# [SOLVED] ad-hoc email addresses stored in Outlook - Where?



## DonaldG (Aug 23, 2007)

Outlook 2007 - Vista Ultimate

I have just spent some considerable time searching registry, Outlook File, Office Files and cannot find where they are stored. Can anyone please advise where they are stored or how to edit the auto-complete email address list. Thanks

When typing an address in the addressee field, the 'auto-complete' dropdown box appears and offers several relavant addresses to select from that have previously been typed in. A very handy aid.

However, I have mistyped an address of someone and I want to remove it from the auto-complete list.

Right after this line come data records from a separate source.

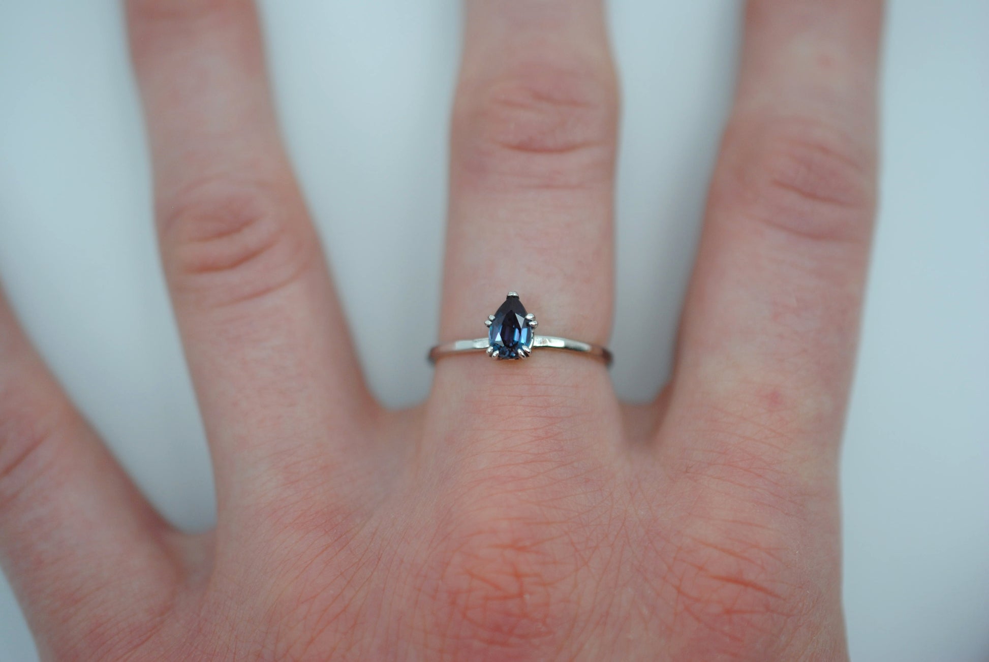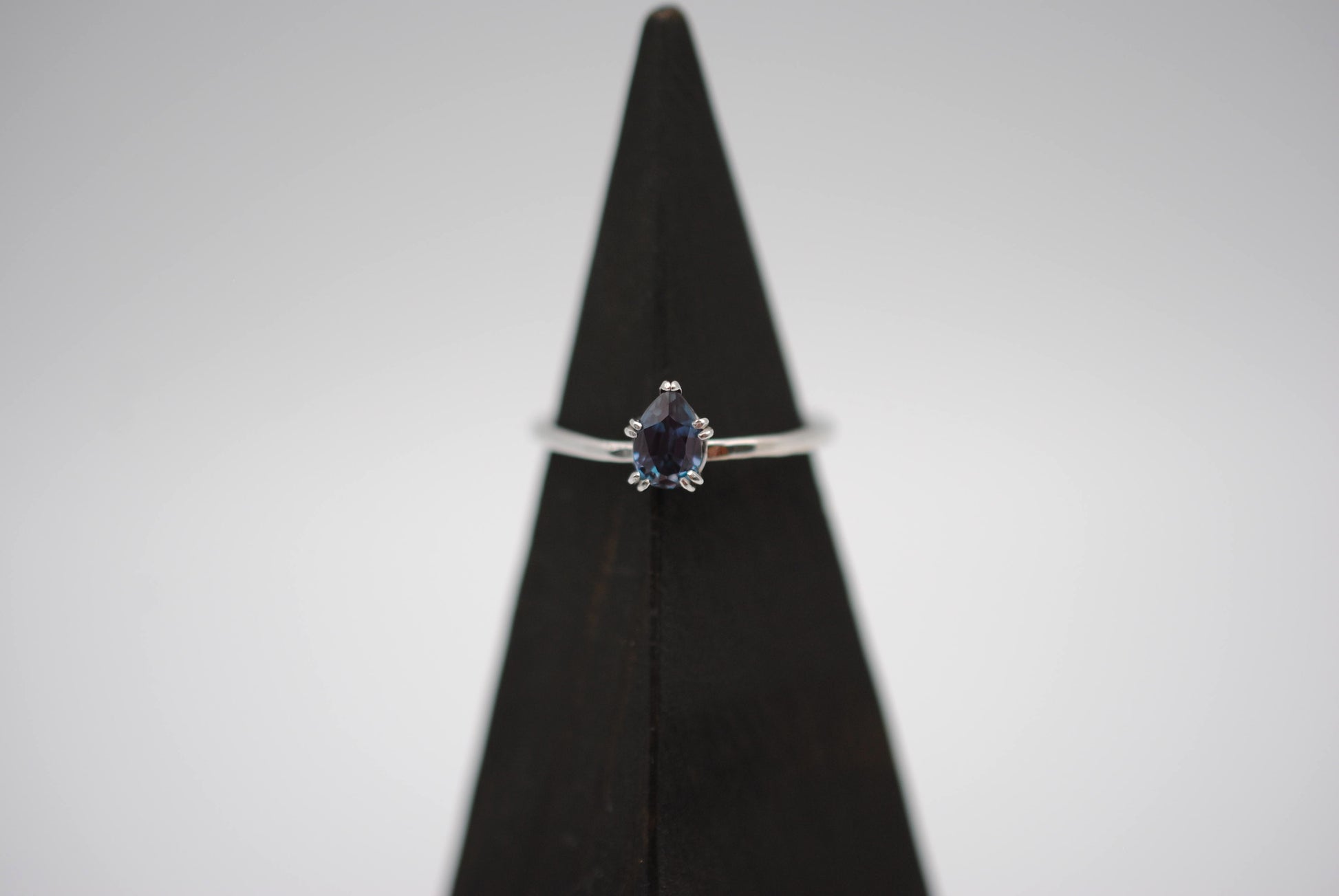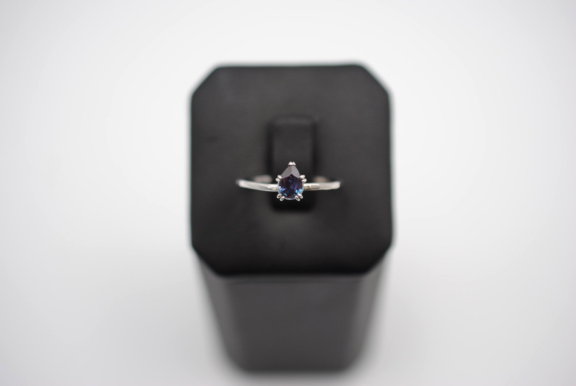 This is our Alexandrite Ring: Pear Cut, White Gold, Dainty.
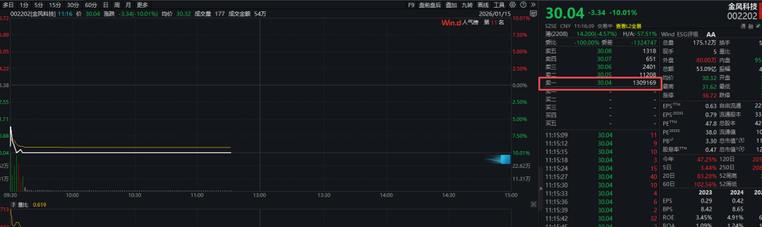 金风科技今天上午多数时间封住跌停,盘中卖一位置长时间出现约1.3亿股巨量卖单,相关卖单市值折合约39亿元。最近一段时间来,金风科技涨势凌厉,在一个月左右的时间里股价一度翻倍。
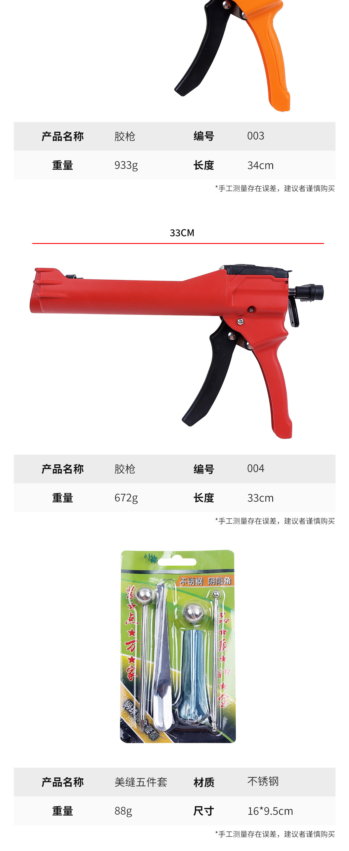 规格型号 红色铁美缝胶枪,蓝色液压省力美缝枪,K3双杆省力美缝胶枪,红色塑料美缝胶枪,美缝五件套
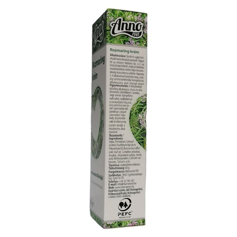 Természetes rozmaring illóolajjal. Fáradt és sajgó testrészek masszírozására. Ápolási céllal ajánljuk reumatikus jellegű ízületi gyulladások időszakában, izomhúzódások, fáradt és sajgó testrészek (derék, váll, könyök, térd, nyak, stb.) masszírozására. Fokozhatja a bőr alatti kötőszövetben az anyagcserét. Alkalmazása gyors hűsítő érzetet kelthet a bőrön. A krém hidratáló hatása a bőrt puhává teheti. Használatát ajánljuk testedzés, sportolás, túrázás és nehéz fizikai munka után is. Mesterséges szín- és illatanyagokat, valamint állati eredetű anyagokat nem tartalmaz.

(I am not referring to addresses in the address book, but the ad hoc addresses that have only been entered into the adressee field.)


----------



## sobeit (Nov 11, 2007)

*Re: ad-hoc email addresses stored in Outlook - Where?*

start typing the wrong address, when the autocomplete list shows, highlight the wrong address then delete.


----------



## DonaldG (Aug 23, 2007)

*Re: ad-hoc email addresses stored in Outlook - Where?*

Thanks for quick reply.. However that technique will not work because the miscrient address is down the list and as soon as it is highlighted, it immediately pops into the address field.

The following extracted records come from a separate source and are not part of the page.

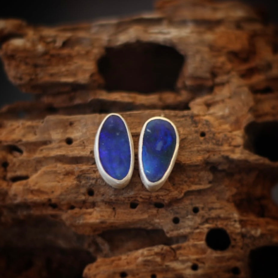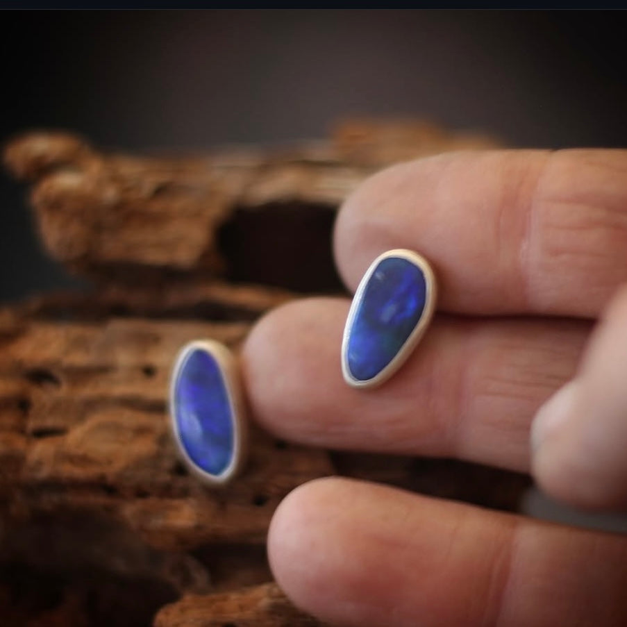 Deep blue Australian Opals set in sterling and fine silver. Sterling silver posts. ~0.75" long.
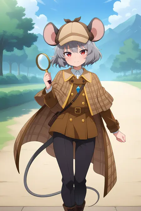 nazrin, 1girl, solo, red eyes, grey hair, short hair, mouse ears, mouse tail, nazrin \(天才鼠类侦探\), 改装服装,帽子,猎鹿帽,侦探,棕色外套,格子外套,棕色短披风,有领短披风,格子短披风,有领衬衫,黑色长裤,手持放大镜,首饰,靴子,棕色鞋履,
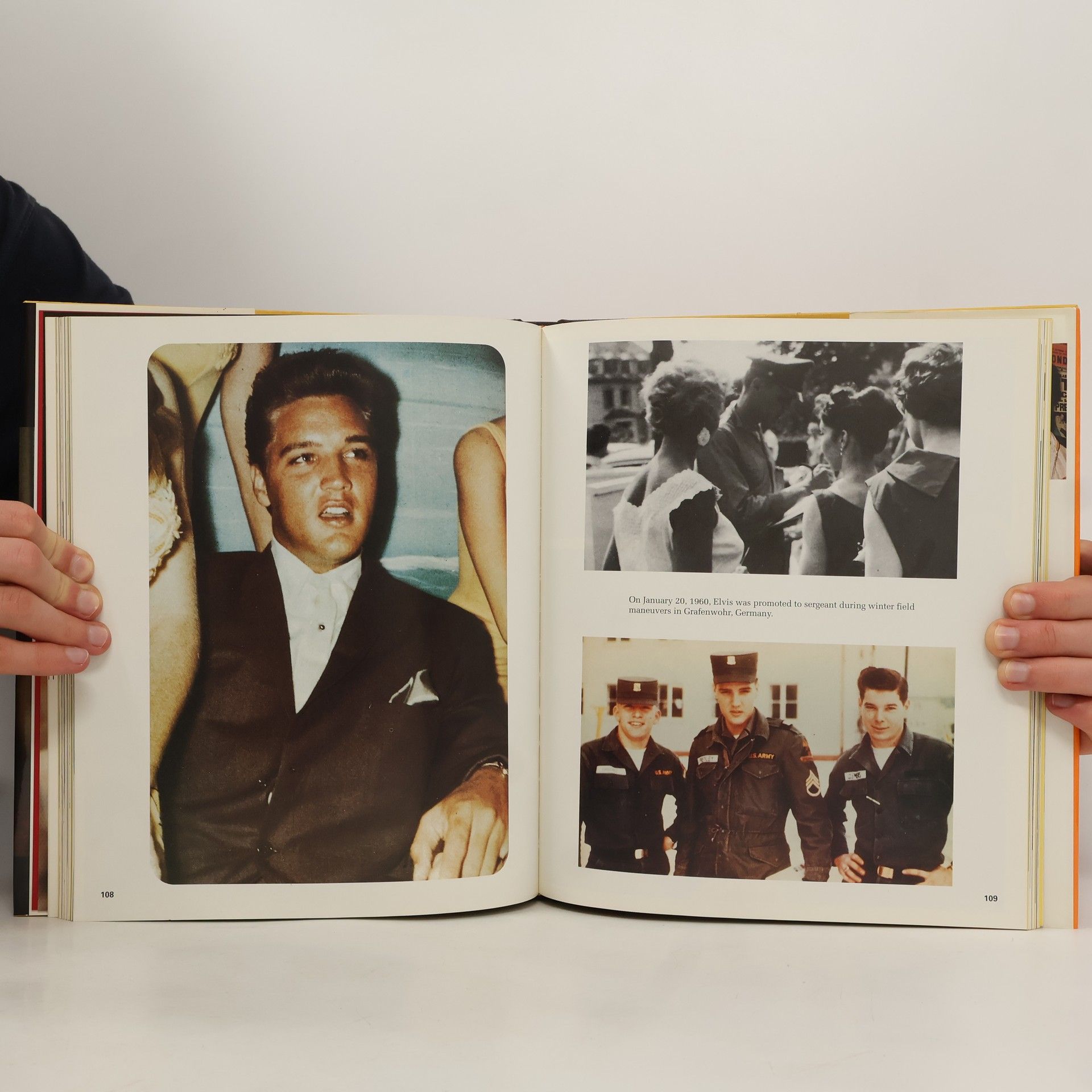 An album of never-before published photographs of Elvis Presley includes shots from the earliest days of his career, his sojourn in the army, his movie career, and his comeback and decline
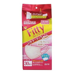 す。予めご了承ください。 名 称 フィッティ シルキータッチ 耳ゴムふわり やや小さめサイズ ピンク 内容量 30枚/マスクサイズ:約14.5cm×9cm 特 徴 ◆シルクの
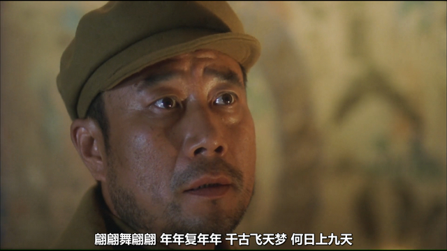 汽笛长鸣,一列蒸汽机车行进在一望无垠的戈壁滩上,闷罐车里的战士操着四川口音,“再往西,一道关接一道关,嘉峪关、玉门关、还有阳关。团长,书上说‘西出阳关无故人’呐。”电影的第一个小高潮随即到来:1958年的一个深夜,冯石将军披着大衣,举着油灯,夜观敦煌莫高窟西魏时期的壁画。他情不自禁地吟哦了一首诗,“翩翩舞翩翩,年年复年年。千古飞天梦,何日上九天?”

It has to be stored somewhere, similar to the IE 'Typed URLs' list. I cannot find a 'Typed Emailto' list. I have done a registry search for the address and a drive C search. My conlusion, unless anyone can (please) prove me wrong, is that it is compiled/encrypted!

Bummer!


----------



## DonaldG (Aug 23, 2007)

*Re: ad-hoc email addresses stored in Outlook - Where?*

I have done a work-a-round that works and that was to delete each address in the drop-down as per your method until the miscreant one was removed, and then created a new email and addressed them with the deleted, but correct addresses to restore them. 

A long winded way, but effective. I would still like to know where they are stored, though - there must be a proper way of editing it!

Thanks for the pointer... I'll mark it resolved.


----------



## Serb (Mar 26, 2008)

I just came across this thread via Google and I have something to add to this. You could have just deleted the single offending email address by typing the first letter of the incorrectly spelt email and then using the arrow keys to move up and down the list until you have highlighted the one you wanted to get rid of. The delete key will then delete that address.


----------